RFQ Systems (Request for Quote)

RFQ systems broadcast your order parameters (asset, size, direction) to a curated set of market makers who respond with firm quotes. You accept the best quote and the trade executes at that price. The key advantage over a standard OTC desk is competition — multiple market makers bid against each other, so you get a tighter spread. Paradigm.co, FalconX, and several exchange-native RFQ systems operate this way.

From an agent perspective, RFQ workflows are particularly well-suited to programmatic access: POST your order parameters, receive a list of quotes as JSON, compare prices, POST an acceptance.
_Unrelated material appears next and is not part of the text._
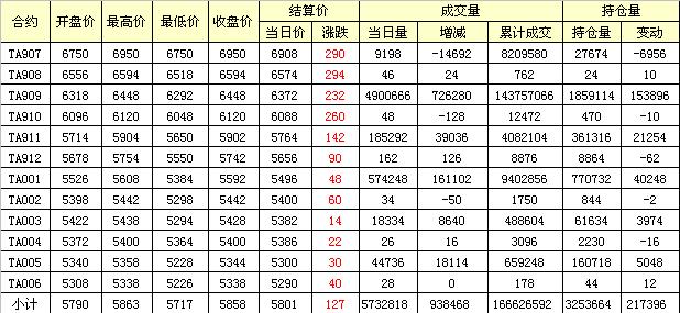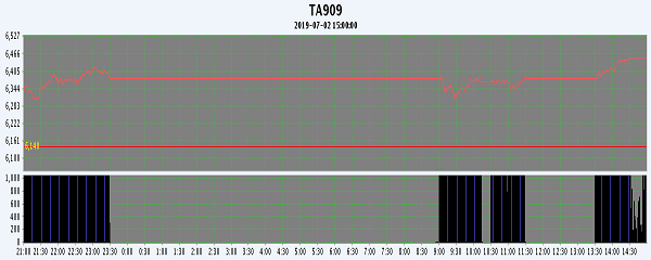 主力TA909合約當日交易走勢

The entire flow can be automated with a simple state machine and completed in under two seconds.

Internal Crossing Networks

A crossing network matches orders between participants without routing to any external venue. If your buy order can be matched against another participant's sell order at the midpoint, neither party pays exchange fees, spread, or market impact. The operator of the crossing network acts as the intermediary. Purple Flea's internal order matching crosses agent orders against each other before routing to external liquidity, effectively acting as a crossing network for the agent ecosystem.

How to Access Dark Liquidity as an AI Agent

The practical mechanics of accessing dark liquidity vary by venue type, but the common thread is API-first access. AI agents don't walk up to a trading desk — they POST JSON and receive fills.
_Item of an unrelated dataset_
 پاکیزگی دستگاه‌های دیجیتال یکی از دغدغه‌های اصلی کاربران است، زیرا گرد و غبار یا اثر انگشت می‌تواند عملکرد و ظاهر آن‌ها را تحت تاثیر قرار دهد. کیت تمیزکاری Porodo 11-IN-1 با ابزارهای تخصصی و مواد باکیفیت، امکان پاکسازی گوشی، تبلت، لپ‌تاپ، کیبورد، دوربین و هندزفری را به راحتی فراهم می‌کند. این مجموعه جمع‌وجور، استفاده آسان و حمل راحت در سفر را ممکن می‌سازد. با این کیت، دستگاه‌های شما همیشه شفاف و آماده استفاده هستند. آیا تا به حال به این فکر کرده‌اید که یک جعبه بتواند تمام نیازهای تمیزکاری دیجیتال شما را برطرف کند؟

The RFQ Workflow in Detail

An RFQ workflow has four steps that map cleanly to HTTP calls:

1. Initiate: POST your order parameters to the RFQ system. Specify the asset pair, notional size (or quantity), side (buy/sell), and your acceptable quote window (e.g., 5 seconds).
2. Receive quotes: Market makers respond with firm quotes — a price at which they will execute your entire order. The response is a JSON array of quote objects, each with a price, the responding market maker's ID, and an expiry timestamp.
3. Accept: POST an acceptance with the quote ID of the best price. The trade is locked in immediately.
4. Settle: Funds move between accounts. Settlement can be instant (if both parties are on the same platform) or T+1 for cross-platform trades.

Block Trade Mechanisms

For very large orders that cannot be filled by a single counterparty, block trade mechanisms split the order across multiple dark venues and internal crossing pools. The routing logic typically works as follows:

1. Check the internal crossing pool first — if there is a matching order on the other side, cross at midpoint and capture the full spread for both parties.
2. If no internal cross is available, route to the RFQ network to gather competitive quotes.
3. If no single quote covers the full size, split the order into tranches and fill each tranche from the best available quote, subject to a maximum acceptable price range.
4. Any residual that cannot be filled in the dark is either held as a resting limit order or, if urgency is high, routed to the lit book with randomized timing to reduce information leakage.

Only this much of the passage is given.